Forward-looking statements may be identified by words such as expect, anticipate, believe, intend, estimate, plan, target, goal, or similar
expressions, or future or conditional verbs such as will, may, might, should, would, could, or similar variations. The forward-looking
statements are intended to be subject to the safe harbor provided by Section 27A of the Securities Act of 1933, Section 21E of the
Securities Exchange Act of 1934, and the Private Securities Litigation Reform Act of 1995.
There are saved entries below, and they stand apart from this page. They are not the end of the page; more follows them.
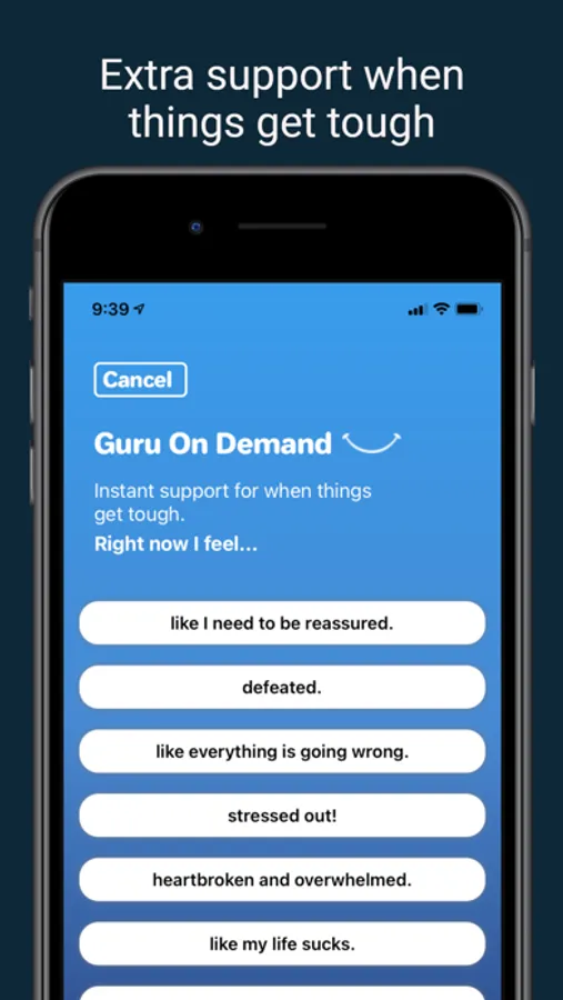 + Scroll through personalized messages of support instantly with Guru on Demand
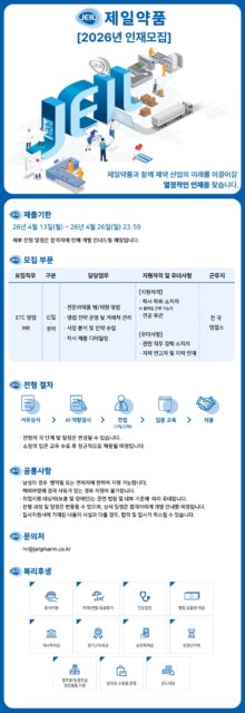 • [제일약품] 영업 수시채용 (전국)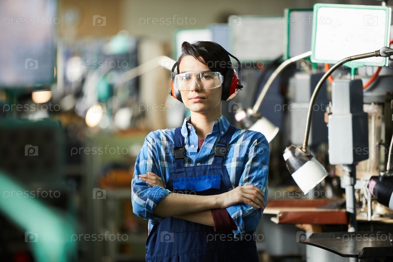 Серьезная грубая женщина в защитных очках и ушных протекторах, стоящая в промышленном магазине и скрестившая руки на груди, глядя в камеру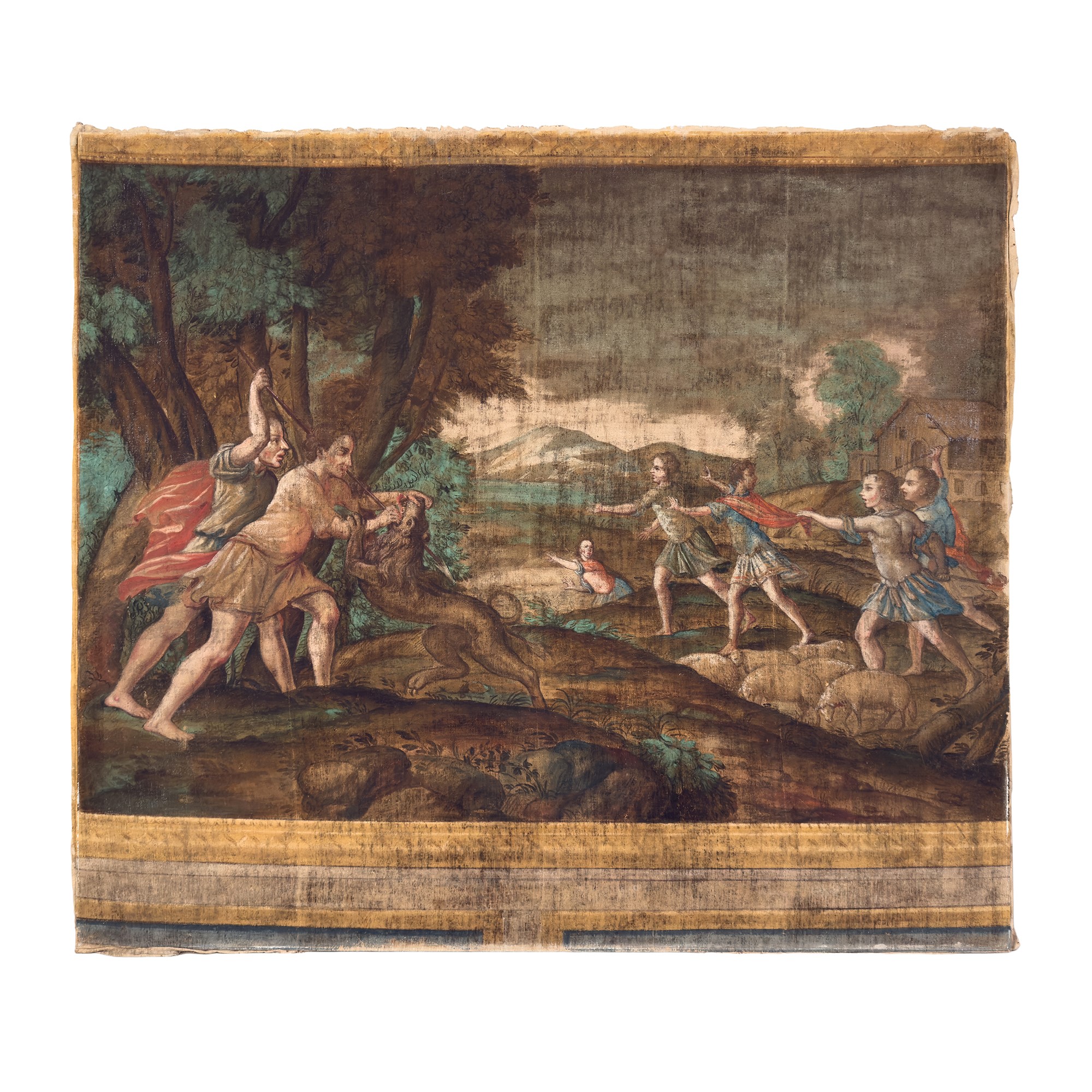 Scena di caccia al leone, grande succo d'erba, XVIII secolo

While there is no assurance that any list of risks and uncertainties or risk factors is complete, below are certain factors which could cause
actual results to differ materially from those contained or implied in the forward-looking statements: changes in general economic, political,
or industry conditions; uncertainty in U.S. fiscal and monetary policy, including the interest rate policies of the Federal Reserve Board;
volatility and disruptions in global capital and credit markets; movements in interest rates; competitive pressures on product pricing and
services; success, impact, and timing of our business strategies, including market acceptance of any new products or services
implementing our “Fair Play” banking philosophy; the nature, extent, timing, and results of governmental actions, examinations, reviews,
reforms, regulations, and interpretations, including those related to the Dodd-Frank Wall Street Reform and Consumer Protection Act and
the Basel III regulatory capital reforms, as well as those involving the OCC, Federal Reserve, FDIC, and CFPB; the possibility that the
anticipated benefits of the merger with FirstMerit Corporation are not realized when expected or at all, including as a result of the impact of,
or problems arising from, the integration of the two companies or as a result of the strength of the economy and competitive factors in the
areas where we do business; diversion of management’s attention from ongoing business operations and opportunities; potential adverse
reactions or changes to business or employee relationships, including those resulting from the completion of the merger with FirstMerit
Corporation; our ability to complete the integration of FirstMerit Corporation successfully; and other factors that may affect our future
results. Additional factors that could cause results to differ materially from those described above can be found in our Annual Report on
Form 10-K for the year ended December 31, 2016, and in its subsequent Quarterly Reports on Form 10-Q, including for the quarter ended
March 31, 2017, each of which is on file with the Securities and Exchange Commission (the “SEC”) and available in the “Investor
Relations” section of our website, http://www.huntington.com, under the heading “Publications and Filings” and in other documents we file
with the SEC.
All forward-looking statements speak only as of the date they are made and are based on information available at that time. We do not
assume any obligation to update forward-looking statements to reflect circumstances or events that occur after the date the forward-
looking statements were made or to reflect the occurrence of unanticipated events except as required by federal securities laws. As
forward-looking statements involve significant risks and uncertainties, caution should be exercised against placing undue reliance on such
statements.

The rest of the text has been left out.